JACK: I think if we look at what the market's telling us, the market is looking right past this because it's basically ignoring everything. If we look at things like volatility, we had a spike in the short term. But if I look at volatility going out over the next, call it, six months, it's basically back to where it had been pre-start of the war.
Look at the oil market and the oil futures curve, go out to the end of the year and oil prices are up maybe $10 to $12 from where we were pre-Iran war, if you will. Earnings haven't even budged. So we haven't seen any sort of downtick in earnings expectations. And here we are, again, market's pushing all-time highs.

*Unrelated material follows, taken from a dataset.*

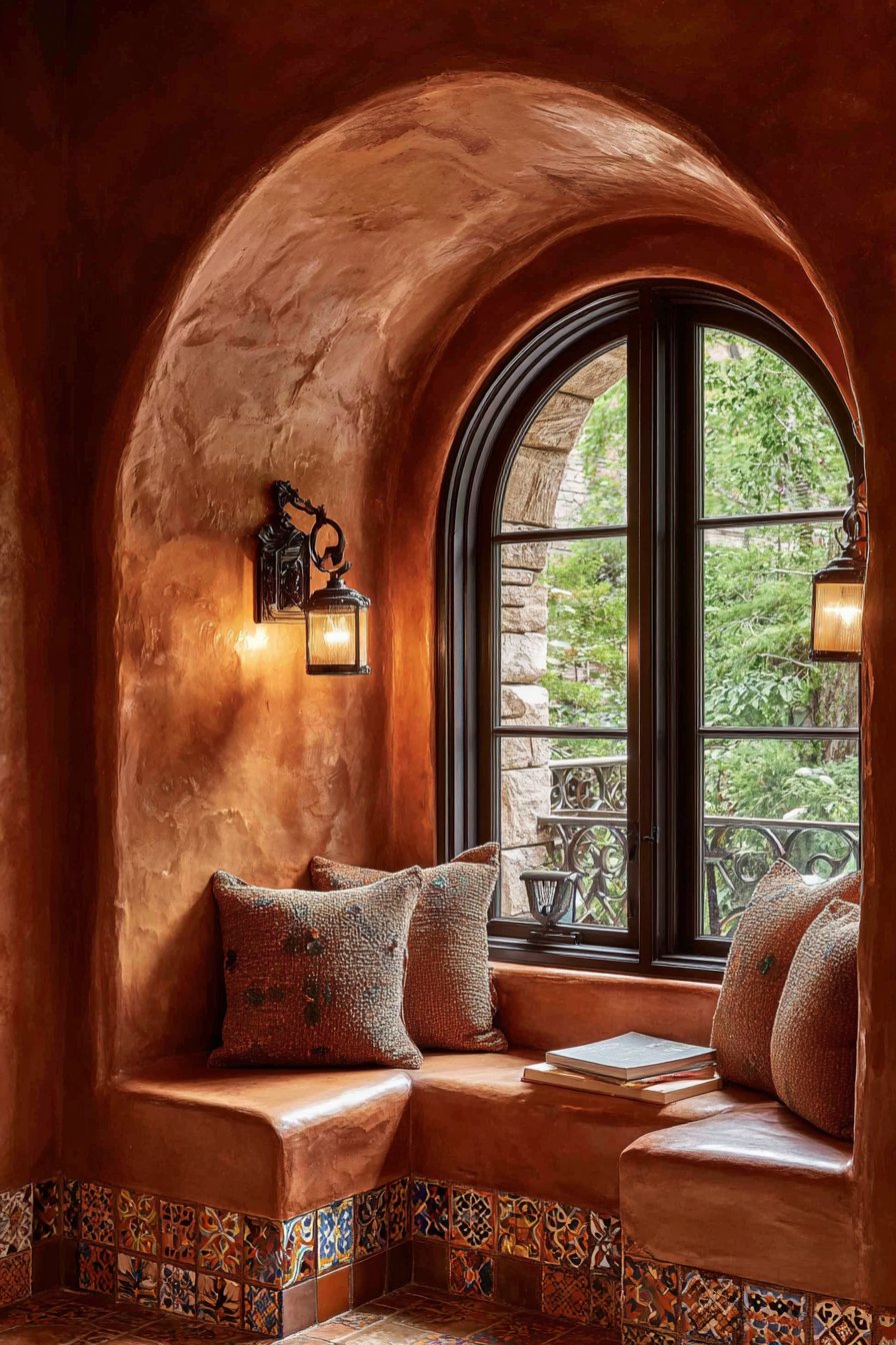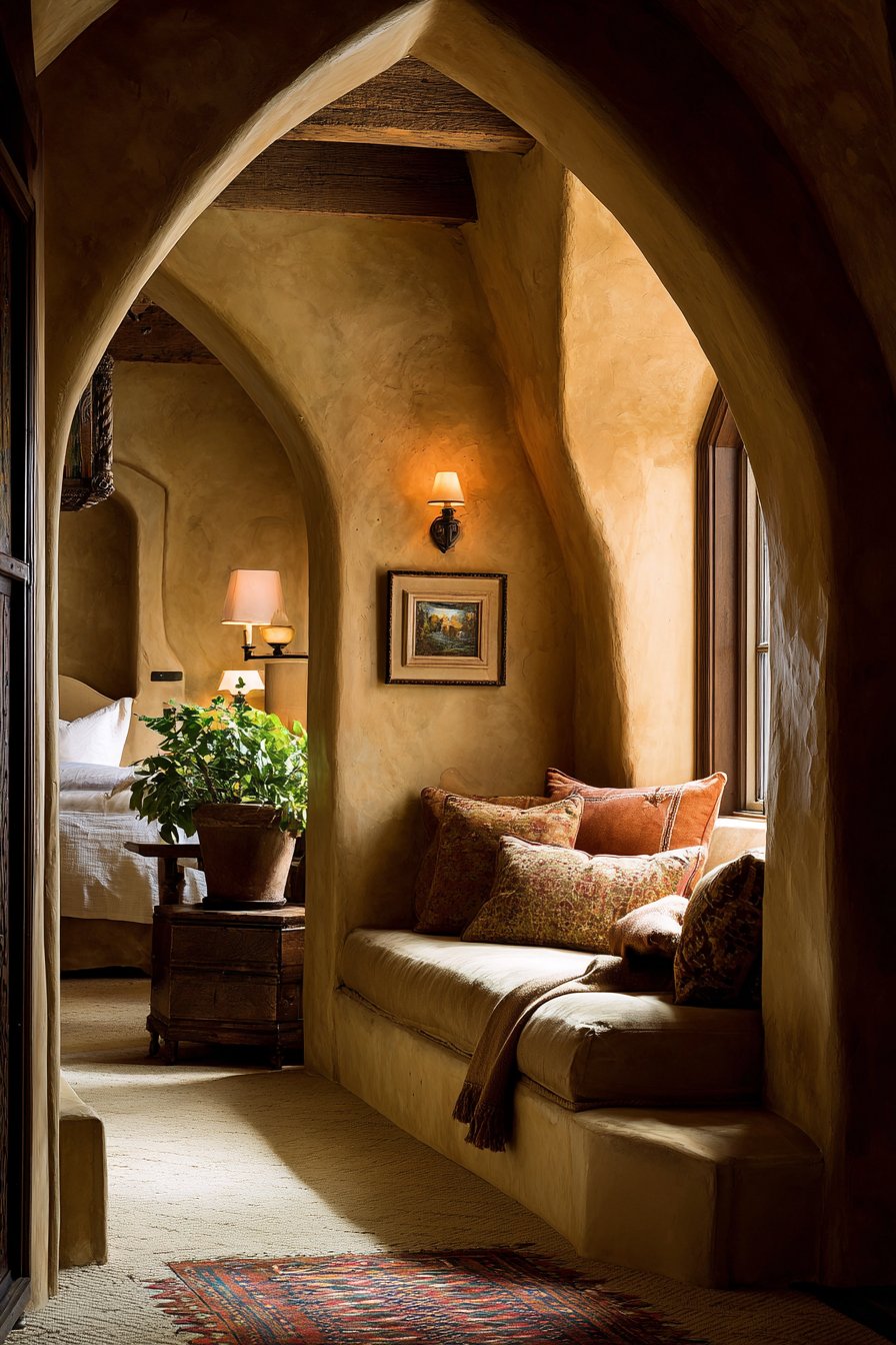 Spanish Colonial wall arches decor ideas transform functional spaces into romantic retreats, as demonstrated by this bedroom featuring a decorative arched alcove creating a cozy reading nook built into the wall. The arch displays thick plaster walls with deliberately visible texture in warm terracotta tones, immediately evoking the sun-baked architecture of Spanish missions and haciendas. This isn’t the smooth, refined plaster of contemporary design but rather a robust, hand-worked surface showing trowel marks and natural variation that speaks to traditional building methods and craftsmanship.

So the market seems to be really looking past all of this and simply saying it's a short-term thing. We're going to get through this. It's going to be done in another month or so and then it's back to normal.

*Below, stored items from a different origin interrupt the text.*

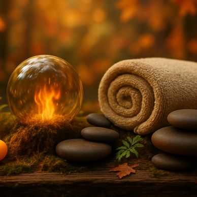 Soothing warm stones awaken Fire’s warmth while grounding reflexology channels Earth’s stability.
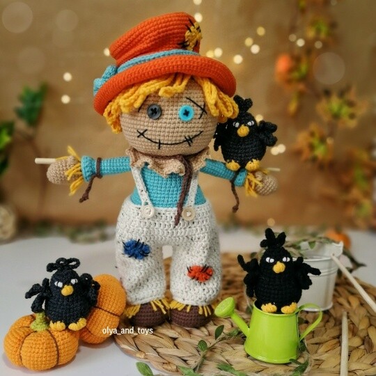 Пугало, штанишек, шляпы, воронят и тыквы.
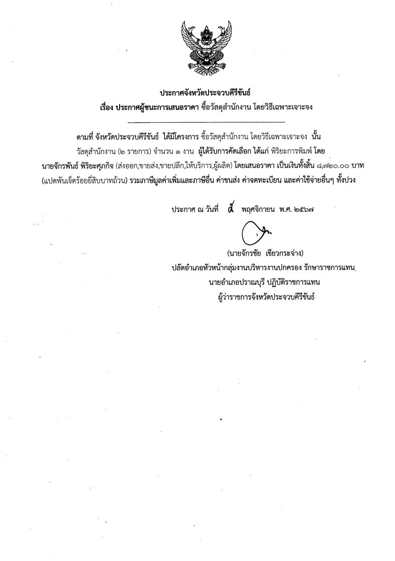 จัดซื้อวัสดุสำนักงาน โดยวิธีเฉพาะเจาะจง ของสำนักงานเกษตรอำเภอปราณบุรี
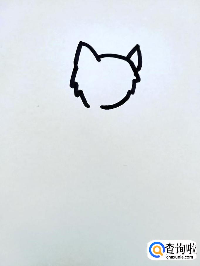 用白板笔画出猫咪的头,猫咪的头是侧着的,所以画的头部轮廓跟着偏转一些。由于眼睛特殊的视觉效果,所以我们把在外侧的左面画的稍微大些,在内侧的右面稍微小些。

And so what's your take, though, on the political front with regard to all this?
KARI: So I think it depends. If this conflict is lingering and if it goes on longer, then the politics of the issue becomes a lot more difficult. If markets are right, then Republicans are in a pretty good position and consumers aren't going to feel that pain at the pump in November, and so they're not really going to be punished for this sort of foreign policy that happened this spring.
Now, that said, if it goes on a little longer, maybe even into the summer, Republicans are going to have to make some tough political choices on how long they support the president. And you're going to see Democrats exploit this as a political issue, given we're in an election year. So the politics really depends on the duration.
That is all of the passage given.